■ **WHAT YOU HAVE TO DO**: An exact restatement is required. Cover only the lines of the records from the first through the line with "Samsung Side-by-Side køleskab", and skip pictures.

■ **PROVIDED RECORDS**:
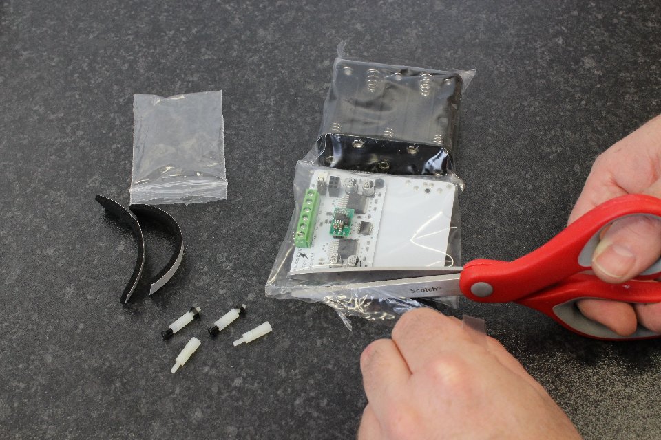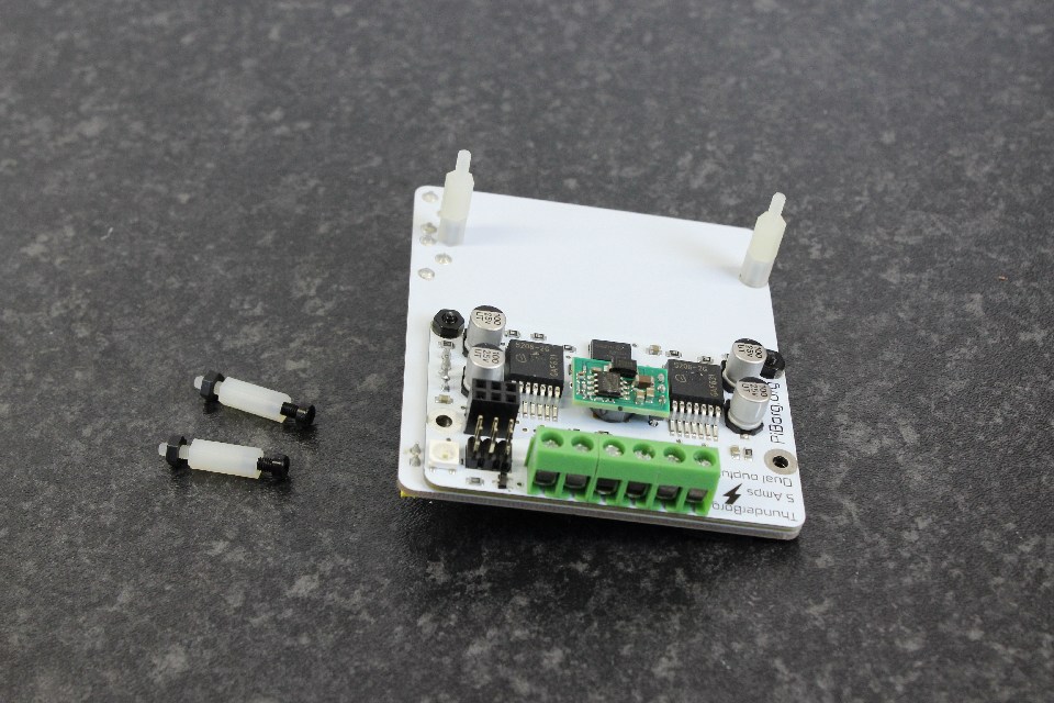 Step 24: Open the bag with the ThunderBorg motor controller. In here are two [M2.5x12 posts] with a screw and nut each, and two pairs of posts (these are actually made up of a [M2.5x8 post] and a [M2.5x6 post].)
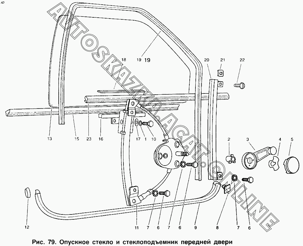Опускное стекло и стеклоподъемник передней двери ИЖ 2126 (2126 "Ода" с двигателями УЗАМ, ВАЗ-2106)
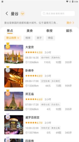 收錄泰國2000+景點(diǎn)信息,包含開放時(shí)間、門票價(jià)格、交通方式、游客評(píng)價(jià)等維度
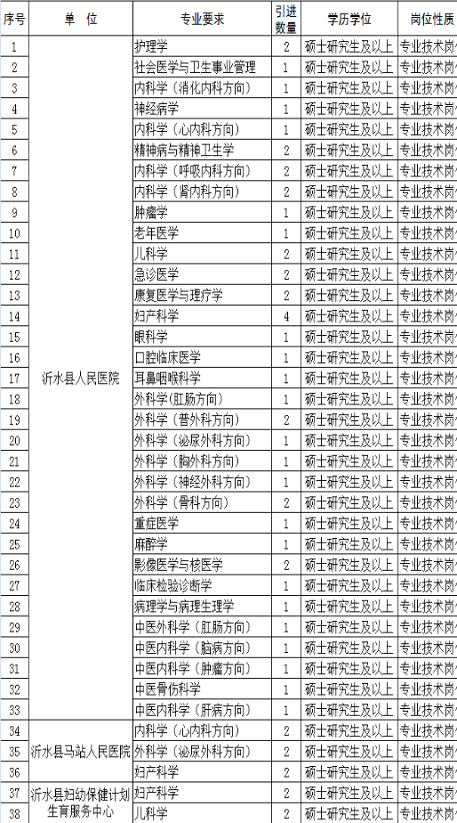 2.2018年沂水縣公立醫(yī)院引進醫(yī)學類高學歷人才計劃表
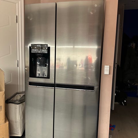 Samsung Side-by-Side køleskab med indbygget vand- og isdispenser. Køleskabet har separate sektioner til køl og frys med flere hylder og opbevaringsrum. Designet til opbevaring af madvarer med nem adgang og overskuelig indretning.
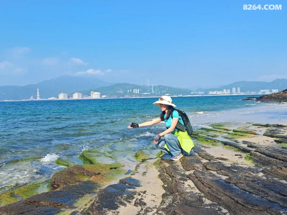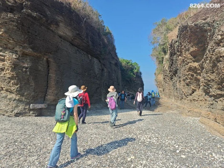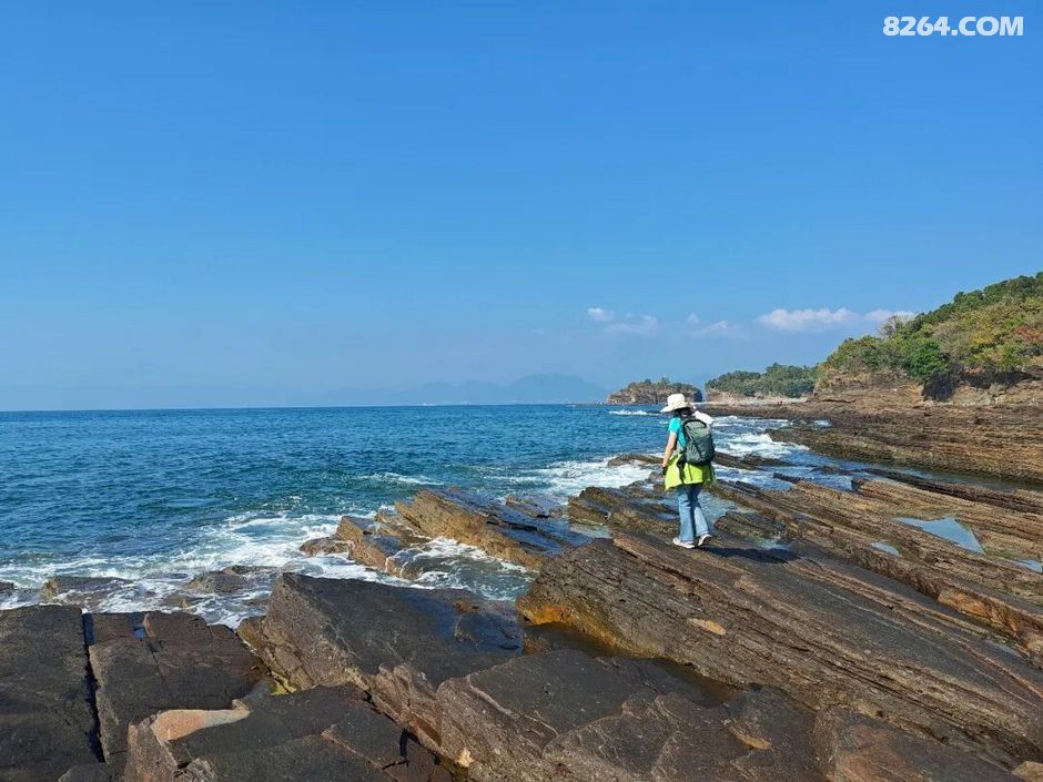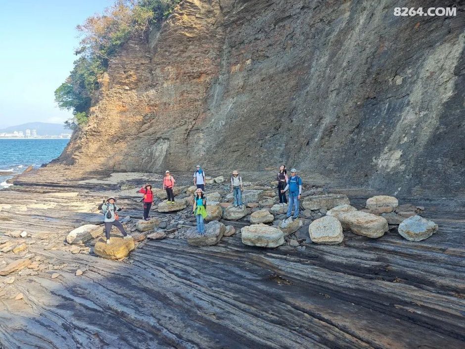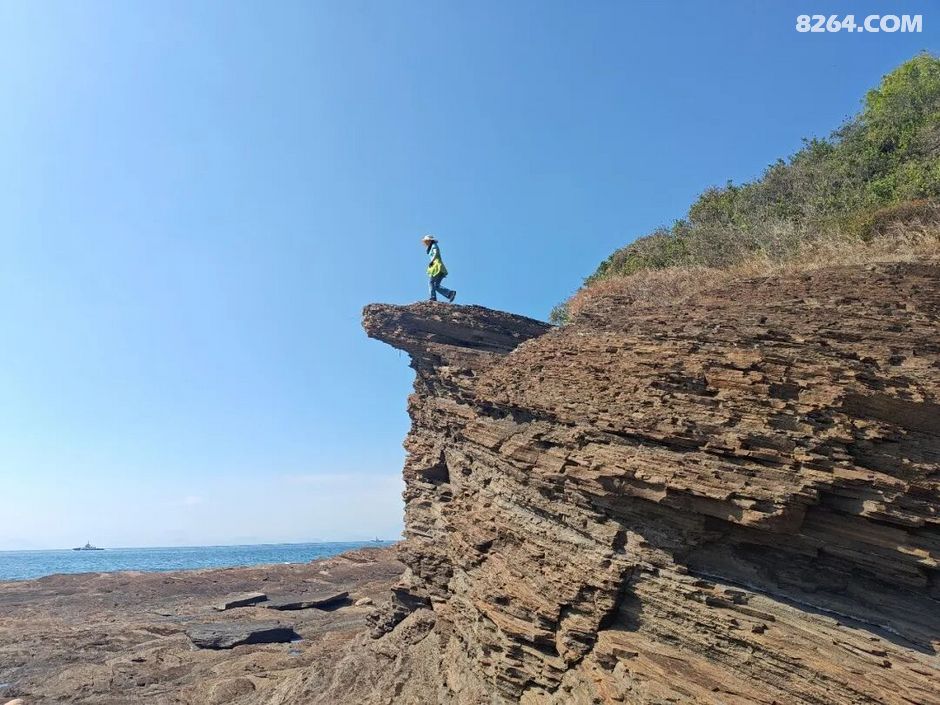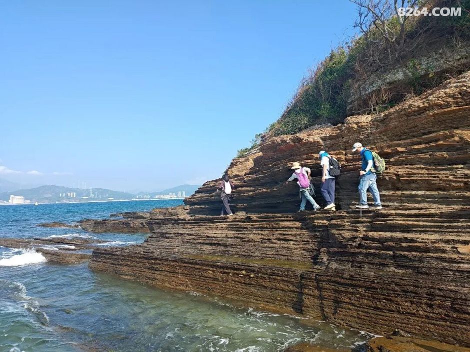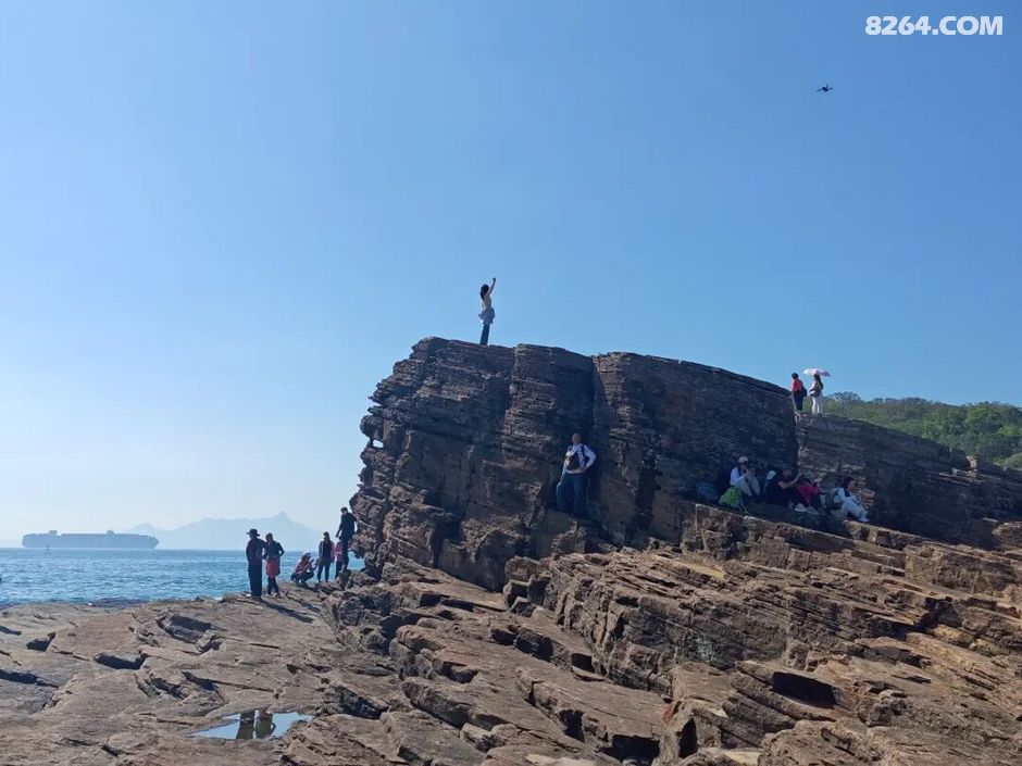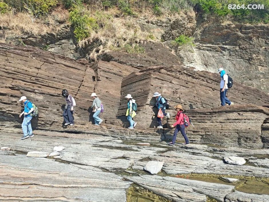 斩颈洲到洲尾角这一段,处处可见千层岩,岩层还布满蜂窝状,这也是海水不断侵蚀加上沙子不断打磨的结果。
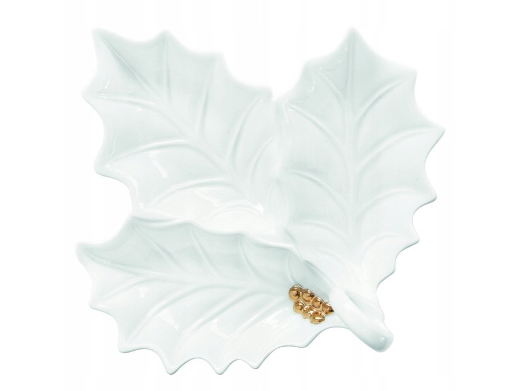 Sviatočný servírovací tanier Zlatá cezmína – porcelánový list s rukoväťou a zlatými bobuľami 22×20 cm
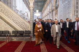 Damas, Syrie – Dans le cadre de sa visite officielle en République arabe syrienne, Son Altesse le Prince Faisal bin Farhan, Ministre des Affaires étrangères du Royaume d’Arabie saoudite, s’est rendu ce jour à la mosquée des Omeyyades, haut lieu historique et religieux de la capitale syrienne.

■ **ANSWER TO THE PROBLEM**:
 Step 24: Open the bag with the ThunderBorg motor controller. In here are two [M2.5x12 posts] with a screw and nut each, and two pairs of posts (these are actually made up of a [M2.5x8 post] and a [M2.5x6 post].)
Опускное стекло и стеклоподъемник передней двери ИЖ 2126 (2126 "Ода" с двигателями УЗАМ, ВАЗ-2106)
 收錄泰國2000+景點(diǎn)信息,包含開放時(shí)間、門票價(jià)格、交通方式、游客評(píng)價(jià)等維度
 2.2018年沂水縣公立醫(yī)院引進醫(yī)學類高學歷人才計劃表
 Samsung Side-by-Side køleskab med indbygget vand- og isdispenser. Køleskabet har separate sektioner til køl og frys med flere hylder og opbevaringsrum. Designet til opbevaring af madvarer med nem adgang og overskuelig indretning.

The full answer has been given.